I nodded, trying to keep my eyes from hers.

"And you know that the remains of the Thermosaurus were first discovered and reconstructed by papa?"

"Yes," said I. There was no use in saying no.

"I am glad you do. Now, papa has proved that this creature lived entirely in the Gulf Stream, emerging for occasional flights across an ocean or two. Can you imagine how he proved it?"

"No," said I, resolutely pointing my nose at the ocean.

"He proved it by a minute examination of the microscopical shells found among the ribs of the Thermosaurus. These shells contained little creatures that live only in the warm waters of the Gulf Stream. They were the food of the Thermosaurus."
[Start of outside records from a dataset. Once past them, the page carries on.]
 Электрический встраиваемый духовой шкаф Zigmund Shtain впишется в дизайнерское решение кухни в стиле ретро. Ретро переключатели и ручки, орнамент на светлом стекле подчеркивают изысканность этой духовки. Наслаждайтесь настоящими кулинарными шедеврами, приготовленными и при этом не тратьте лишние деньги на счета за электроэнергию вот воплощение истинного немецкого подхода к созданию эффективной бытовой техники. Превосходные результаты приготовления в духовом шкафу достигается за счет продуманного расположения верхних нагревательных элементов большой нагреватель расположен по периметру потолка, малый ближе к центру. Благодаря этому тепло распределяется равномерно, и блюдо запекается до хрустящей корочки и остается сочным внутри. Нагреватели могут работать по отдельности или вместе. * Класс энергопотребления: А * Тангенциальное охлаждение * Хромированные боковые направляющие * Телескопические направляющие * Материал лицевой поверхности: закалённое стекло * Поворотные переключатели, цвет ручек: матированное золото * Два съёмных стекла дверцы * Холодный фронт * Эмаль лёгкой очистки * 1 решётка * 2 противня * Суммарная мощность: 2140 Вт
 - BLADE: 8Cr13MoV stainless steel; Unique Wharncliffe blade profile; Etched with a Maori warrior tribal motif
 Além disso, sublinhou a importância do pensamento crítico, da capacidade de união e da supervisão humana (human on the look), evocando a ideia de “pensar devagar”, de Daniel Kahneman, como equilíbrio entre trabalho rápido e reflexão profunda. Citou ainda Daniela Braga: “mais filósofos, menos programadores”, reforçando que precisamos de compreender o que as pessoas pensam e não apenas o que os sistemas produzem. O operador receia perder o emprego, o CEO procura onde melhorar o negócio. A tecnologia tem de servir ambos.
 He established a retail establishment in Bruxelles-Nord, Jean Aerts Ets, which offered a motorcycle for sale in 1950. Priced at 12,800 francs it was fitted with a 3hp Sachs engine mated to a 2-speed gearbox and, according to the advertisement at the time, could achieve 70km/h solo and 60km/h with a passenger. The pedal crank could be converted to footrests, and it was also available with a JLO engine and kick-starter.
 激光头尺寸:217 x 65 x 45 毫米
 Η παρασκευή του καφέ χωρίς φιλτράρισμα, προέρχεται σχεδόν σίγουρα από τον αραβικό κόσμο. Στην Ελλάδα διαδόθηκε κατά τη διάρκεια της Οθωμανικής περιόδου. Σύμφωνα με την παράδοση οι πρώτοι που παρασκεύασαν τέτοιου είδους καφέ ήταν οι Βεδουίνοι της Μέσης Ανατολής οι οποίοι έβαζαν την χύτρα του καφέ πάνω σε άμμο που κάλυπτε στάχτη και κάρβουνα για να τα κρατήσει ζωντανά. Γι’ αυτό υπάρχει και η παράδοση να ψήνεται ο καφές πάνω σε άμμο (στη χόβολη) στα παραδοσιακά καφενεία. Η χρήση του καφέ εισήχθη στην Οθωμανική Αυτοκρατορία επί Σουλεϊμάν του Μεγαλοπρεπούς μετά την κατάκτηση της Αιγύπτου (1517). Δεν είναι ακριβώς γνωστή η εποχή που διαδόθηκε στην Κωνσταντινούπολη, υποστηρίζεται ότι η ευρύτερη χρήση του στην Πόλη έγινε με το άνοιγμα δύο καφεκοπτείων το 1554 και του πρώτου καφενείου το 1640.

"It was rather slender rations for a thing like that, wasn't it? Did he ever swallow bigger food – er – men?"

"Oh, yes. Tons of fossil bones from prehistoric men are also found in the interior of the Thermosaurus."

"Then," said I, "you, at least, had better go back to Captain McPeek's – "

"Please turn around; don't be so foolish. I didn't say there was a live Thermosaurus in the water, did I?"